▶ **WORK TO COMPLETE**:
Set down exactly the lines in the records below that run from the line with "They also inspected" to the line with "সংবাদদাতা, আলিপুরদুয়ার : মুখ্যমন্ত্রী", inclusive, and nothing more.

▶ **DATA SHOWN**:
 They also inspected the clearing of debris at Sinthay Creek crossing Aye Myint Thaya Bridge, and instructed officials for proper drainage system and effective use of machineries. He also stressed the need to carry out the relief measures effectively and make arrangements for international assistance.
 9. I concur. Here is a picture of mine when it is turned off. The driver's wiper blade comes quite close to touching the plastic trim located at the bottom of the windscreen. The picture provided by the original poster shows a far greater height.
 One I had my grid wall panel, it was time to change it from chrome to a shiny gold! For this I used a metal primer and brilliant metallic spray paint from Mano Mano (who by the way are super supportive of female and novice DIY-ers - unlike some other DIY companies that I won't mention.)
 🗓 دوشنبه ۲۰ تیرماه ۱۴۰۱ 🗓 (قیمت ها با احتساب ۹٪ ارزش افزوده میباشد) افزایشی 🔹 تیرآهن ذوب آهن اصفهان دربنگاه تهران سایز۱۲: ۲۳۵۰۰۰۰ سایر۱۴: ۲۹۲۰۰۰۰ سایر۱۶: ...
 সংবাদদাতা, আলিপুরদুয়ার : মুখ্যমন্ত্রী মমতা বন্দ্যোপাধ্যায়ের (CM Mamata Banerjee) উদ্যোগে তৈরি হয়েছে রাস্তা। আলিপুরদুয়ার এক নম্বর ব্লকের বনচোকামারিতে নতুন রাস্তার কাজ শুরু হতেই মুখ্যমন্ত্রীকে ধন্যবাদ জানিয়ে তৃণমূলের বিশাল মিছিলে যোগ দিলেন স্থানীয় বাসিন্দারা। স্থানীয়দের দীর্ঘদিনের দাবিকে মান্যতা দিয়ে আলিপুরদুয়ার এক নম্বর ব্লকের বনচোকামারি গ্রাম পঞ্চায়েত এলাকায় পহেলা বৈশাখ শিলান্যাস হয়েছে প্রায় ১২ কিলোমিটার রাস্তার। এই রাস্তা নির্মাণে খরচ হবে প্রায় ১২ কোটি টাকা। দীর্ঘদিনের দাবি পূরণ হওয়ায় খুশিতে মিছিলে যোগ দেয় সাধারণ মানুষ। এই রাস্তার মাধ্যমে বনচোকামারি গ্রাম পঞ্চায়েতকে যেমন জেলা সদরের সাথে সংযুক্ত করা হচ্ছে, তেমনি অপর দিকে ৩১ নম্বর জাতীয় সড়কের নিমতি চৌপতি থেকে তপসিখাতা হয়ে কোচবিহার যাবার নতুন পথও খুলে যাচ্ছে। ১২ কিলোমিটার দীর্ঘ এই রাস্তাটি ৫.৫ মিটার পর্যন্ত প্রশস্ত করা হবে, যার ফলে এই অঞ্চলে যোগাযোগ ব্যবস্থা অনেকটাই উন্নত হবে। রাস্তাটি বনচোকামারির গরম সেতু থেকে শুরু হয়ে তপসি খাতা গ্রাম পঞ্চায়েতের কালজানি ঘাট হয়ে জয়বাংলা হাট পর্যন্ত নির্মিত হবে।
--
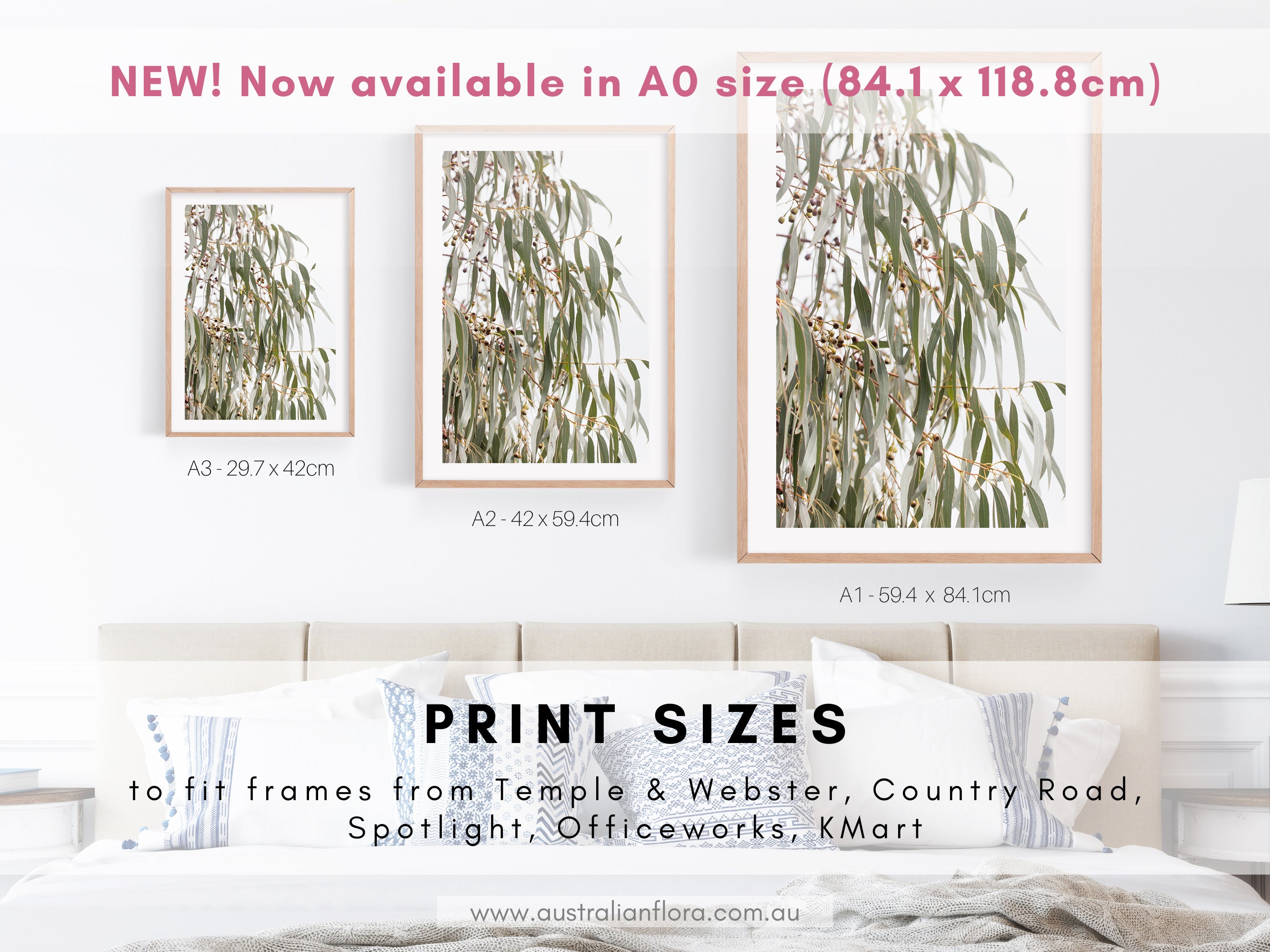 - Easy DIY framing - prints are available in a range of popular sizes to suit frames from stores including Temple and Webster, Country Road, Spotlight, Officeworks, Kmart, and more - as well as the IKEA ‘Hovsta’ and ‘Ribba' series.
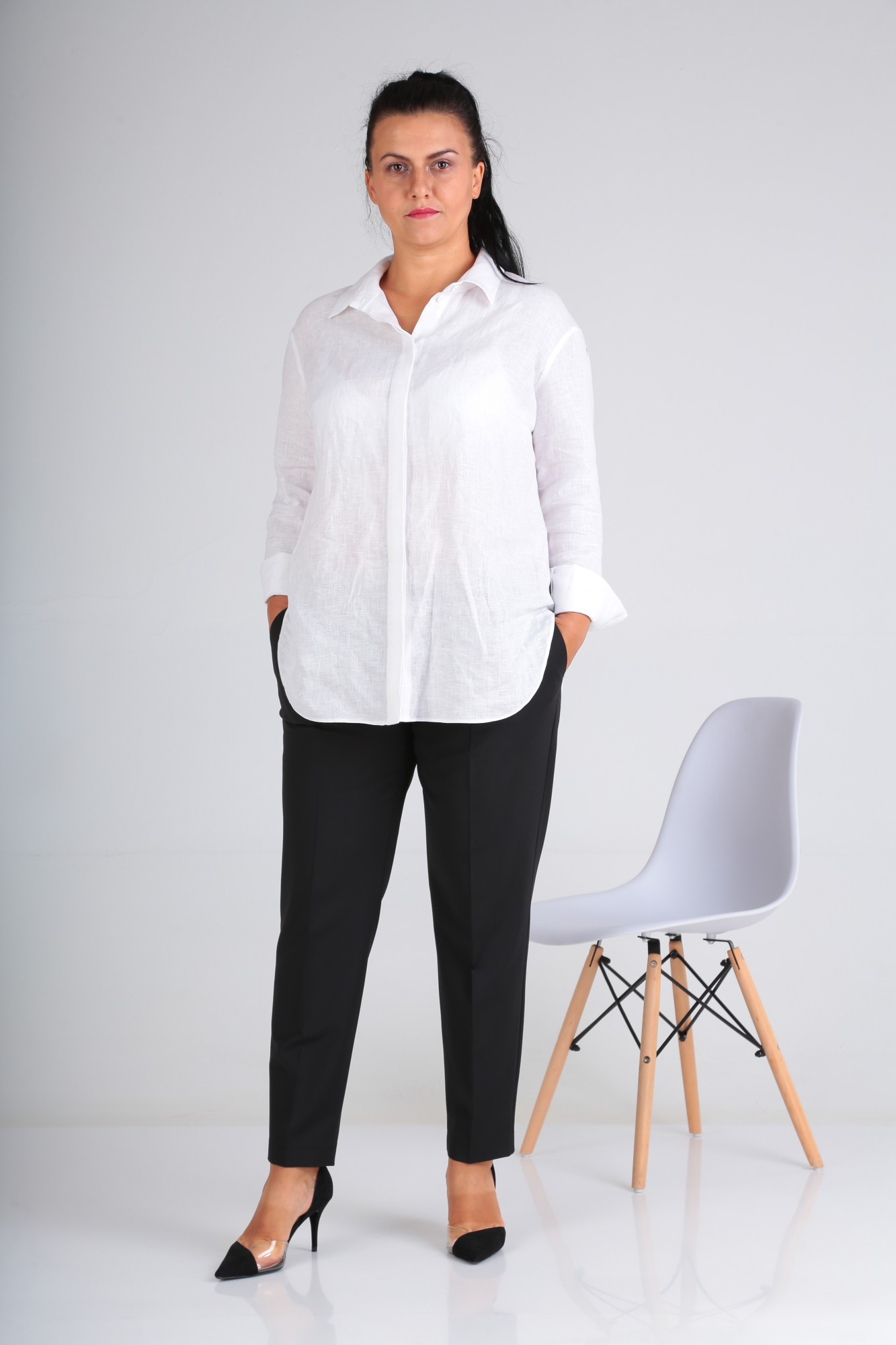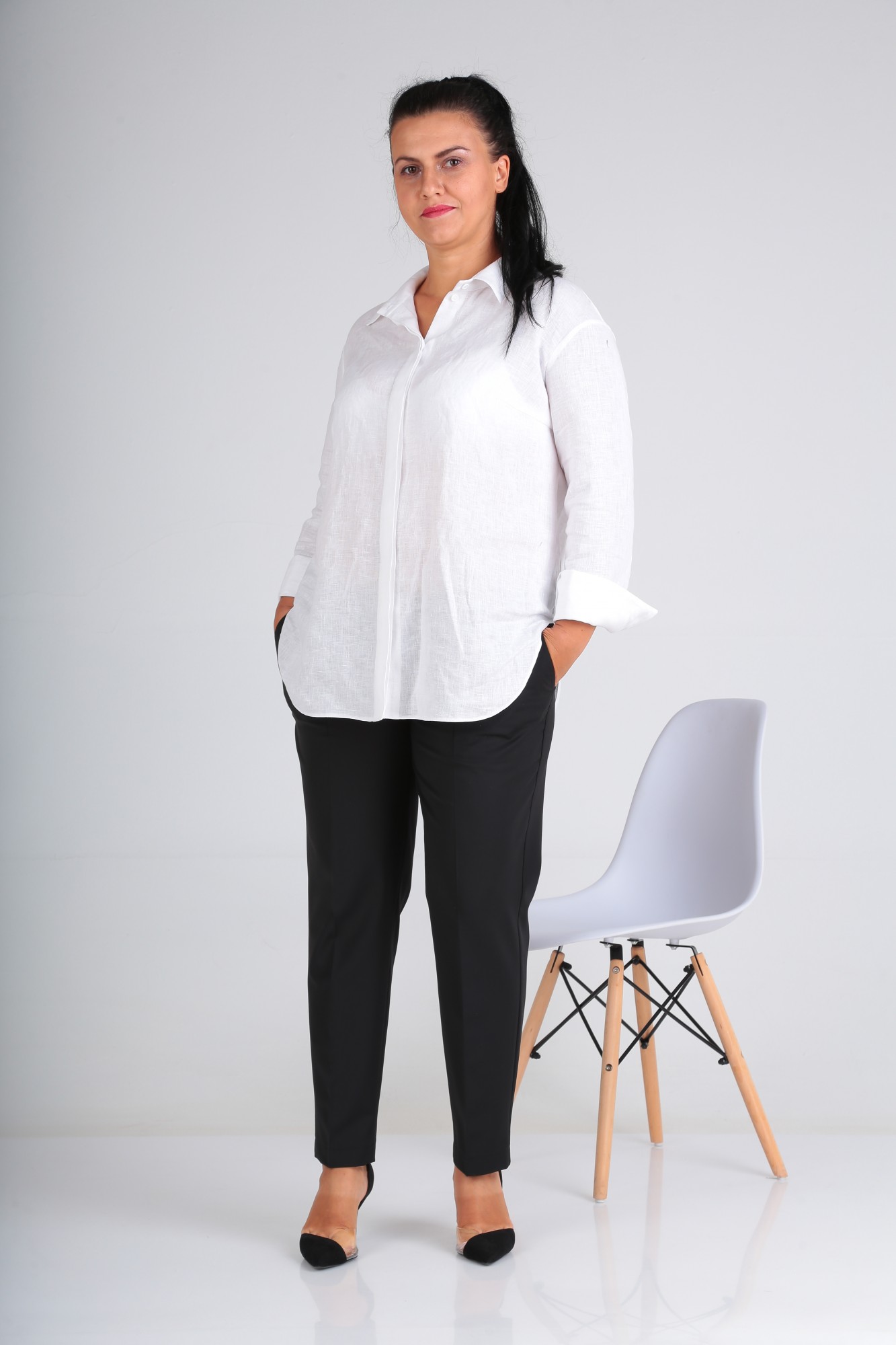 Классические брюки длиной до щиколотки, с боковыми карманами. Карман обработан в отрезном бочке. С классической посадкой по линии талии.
* * *
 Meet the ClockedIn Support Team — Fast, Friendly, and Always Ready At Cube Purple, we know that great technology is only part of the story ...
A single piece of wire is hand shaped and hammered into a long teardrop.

▶ **PROBLEM SOLUTION**:
 They also inspected the clearing of debris at Sinthay Creek crossing Aye Myint Thaya Bridge, and instructed officials for proper drainage system and effective use of machineries. He also stressed the need to carry out the relief measures effectively and make arrangements for international assistance.
 9. I concur. Here is a picture of mine when it is turned off. The driver's wiper blade comes quite close to touching the plastic trim located at the bottom of the windscreen. The picture provided by the original poster shows a far greater height.
 One I had my grid wall panel, it was time to change it from chrome to a shiny gold! For this I used a metal primer and brilliant metallic spray paint from Mano Mano (who by the way are super supportive of female and novice DIY-ers - unlike some other DIY companies that I won't mention.)
 🗓 دوشنبه ۲۰ تیرماه ۱۴۰۱ 🗓 (قیمت ها با احتساب ۹٪ ارزش افزوده میباشد) افزایشی 🔹 تیرآهن ذوب آهن اصفهان دربنگاه تهران سایز۱۲: ۲۳۵۰۰۰۰ سایر۱۴: ۲۹۲۰۰۰۰ سایر۱۶: ...
 সংবাদদাতা, আলিপুরদুয়ার : মুখ্যমন্ত্রী মমতা বন্দ্যোপাধ্যায়ের (CM Mamata Banerjee) উদ্যোগে তৈরি হয়েছে রাস্তা। আলিপুরদুয়ার এক নম্বর ব্লকের বনচোকামারিতে নতুন রাস্তার কাজ শুরু হতেই মুখ্যমন্ত্রীকে ধন্যবাদ জানিয়ে তৃণমূলের বিশাল মিছিলে যোগ দিলেন স্থানীয় বাসিন্দারা। স্থানীয়দের দীর্ঘদিনের দাবিকে মান্যতা দিয়ে আলিপুরদুয়ার এক নম্বর ব্লকের বনচোকামারি গ্রাম পঞ্চায়েত এলাকায় পহেলা বৈশাখ শিলান্যাস হয়েছে প্রায় ১২ কিলোমিটার রাস্তার। এই রাস্তা নির্মাণে খরচ হবে প্রায় ১২ কোটি টাকা। দীর্ঘদিনের দাবি পূরণ হওয়ায় খুশিতে মিছিলে যোগ দেয় সাধারণ মানুষ। এই রাস্তার মাধ্যমে বনচোকামারি গ্রাম পঞ্চায়েতকে যেমন জেলা সদরের সাথে সংযুক্ত করা হচ্ছে, তেমনি অপর দিকে ৩১ নম্বর জাতীয় সড়কের নিমতি চৌপতি থেকে তপসিখাতা হয়ে কোচবিহার যাবার নতুন পথও খুলে যাচ্ছে। ১২ কিলোমিটার দীর্ঘ এই রাস্তাটি ৫.৫ মিটার পর্যন্ত প্রশস্ত করা হবে, যার ফলে এই অঞ্চলে যোগাযোগ ব্যবস্থা অনেকটাই উন্নত হবে। রাস্তাটি বনচোকামারির গরম সেতু থেকে শুরু হয়ে তপসি খাতা গ্রাম পঞ্চায়েতের কালজানি ঘাট হয়ে জয়বাংলা হাট পর্যন্ত নির্মিত হবে।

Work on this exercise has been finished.